SGIM uses a global cross-attention strategy: queries come from F²’_t (the pixel features), while keys and values come from the linearly projected F⁴_tmp (semantic features upsampled to match the shallow feature’s channel dimension). This allows every pixel in the shallow feature map to attend globally to the semantic content, pulling in object-level understanding without being constrained by local neighborhoods. The “global” in SGIM’s name reflects this broader receptive field compared to PLAM’s local alignment.

Why Heterogeneity Matters

The ablation study directly proves that swapping PLAM and SGIM hurts performance. Using SGIM for shallow-to-high (S2H) drops DAVIS-16 J&F by 0.3%. Using PLAM for high-to-shallow (H2S) drops it by 0.4%. The heterogeneous design — local alignment for pixel injection, global attention for semantic injection — reflects the fundamentally different natures of what each feature type needs from the other.

Results: State of the Art Across Every Benchmark

UVOS Performance

Method	Venue	Backbone	DAVIS-16 J&F	FBMS J	YouTube-Obj J
GFA	AAAI’24	—	88.2	82.4	74.7
GSA	CVPR’24	ResNet-101	87.7	83.1	—
DPA	CVPR’24	VGG-16	87.6	83.4	73.7
SimulFlow	ACMMM’23	MiT-b1	87.4	80.4	72.9
OAST	ICCV’23	MobileViT	87.0	83.0	—
HMHI-Net (ours)	ACMMM’25	MiT-b1	89.8 (+1.6)	86.9 (+3.5)	76.2 (+1.5)

Table: UVOS benchmark comparison.
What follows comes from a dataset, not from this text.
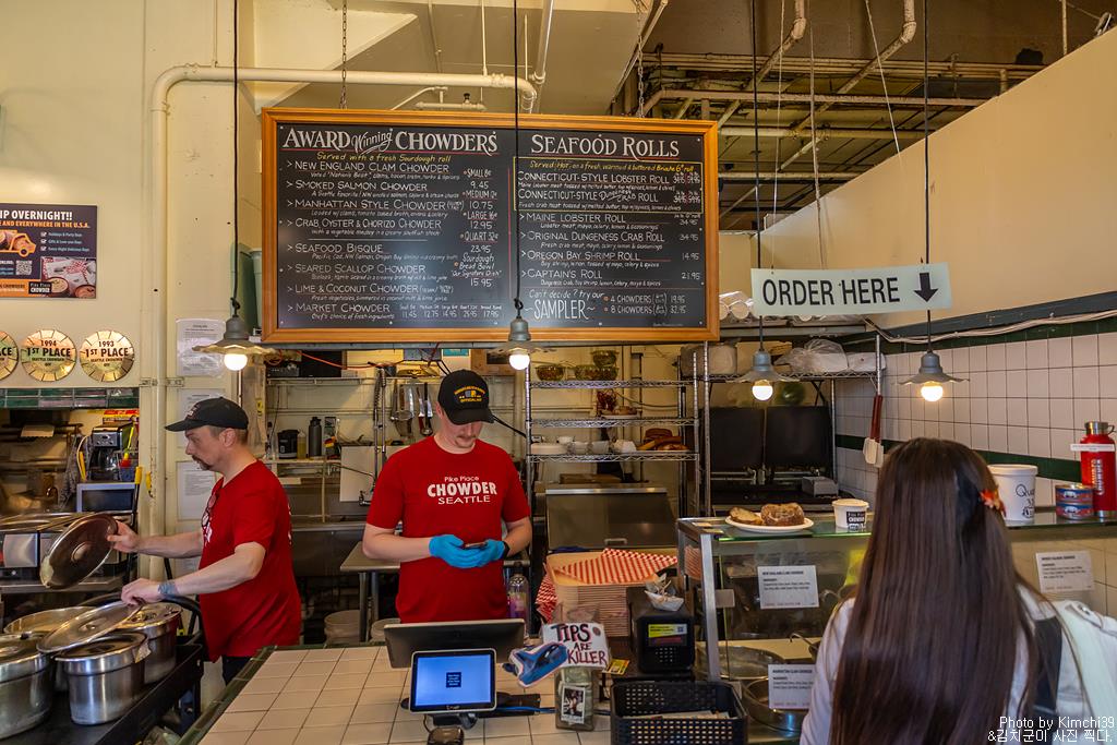 비행기에서 죽을 먹고, 점심을 어설프게 빵만 먹었더니 배가 고파서 시애틀의 유명한 파이크 플레이스 차우더(Pike Place Chowder)로 향했다. 평소에는 줄이 길어서 몇번이나 먹어볼 기회를 놓쳤었는데, 이번에는 평일의 애매한 시간이어서 그런지 줄도 길지 않아서 먹어볼 수 있었다.

Gains shown relative to previous best. All methods use optical flow.

The FBMS gain of 3.5% is particularly striking — FBMS contains challenging multi-object scenes with significant motion complexity, and the shallow memory’s ability to preserve fine-grained boundary information matters enormously when multiple moving objects must be simultaneously tracked.

Ablation: What Each Component Contributes

Variant	DAVIS-16 J&F	FBMS J	YTB-Obj J	FPS	Params (M)
Baseline	88.4	84.7	75.1	34.4	36.7
+ Hierarchical Memory	89.3 (+0.9)	86.0 (+1.3)	76.1 (+1.0)	27.8	47.7
+ PLAM (S2H)	89.4 (+1.0)	86.3 (+1.6)	75.6	27.3	60.0
+ SGIM (H2S)	89.7 (+1.3)	86.5 (+1.8)	75.3	26.9	48.4
HMHI-Net (full)	89.8 (+1.4)	86.9 (+2.1)	76.2 (+1.1)	26.2	60.8

Cross-Backbone Robustness

One of the most reassuring results in the paper is that HMHI-Net’s improvements are not tied to a specific backbone. Across MiT-b1, MiT-b2, MiT-b3, and Swin-Tiny, the hierarchical memory and heterogeneous interaction consistently deliver gains ranging from +1.0% to +1.6% on DAVIS-16. The swin_tiny backbone sees a particularly large +2.3% improvement on YouTube-Objects, suggesting the shallow memory mechanism is especially helpful when the backbone’s feature pyramid is less well-calibrated for pixel-level tasks.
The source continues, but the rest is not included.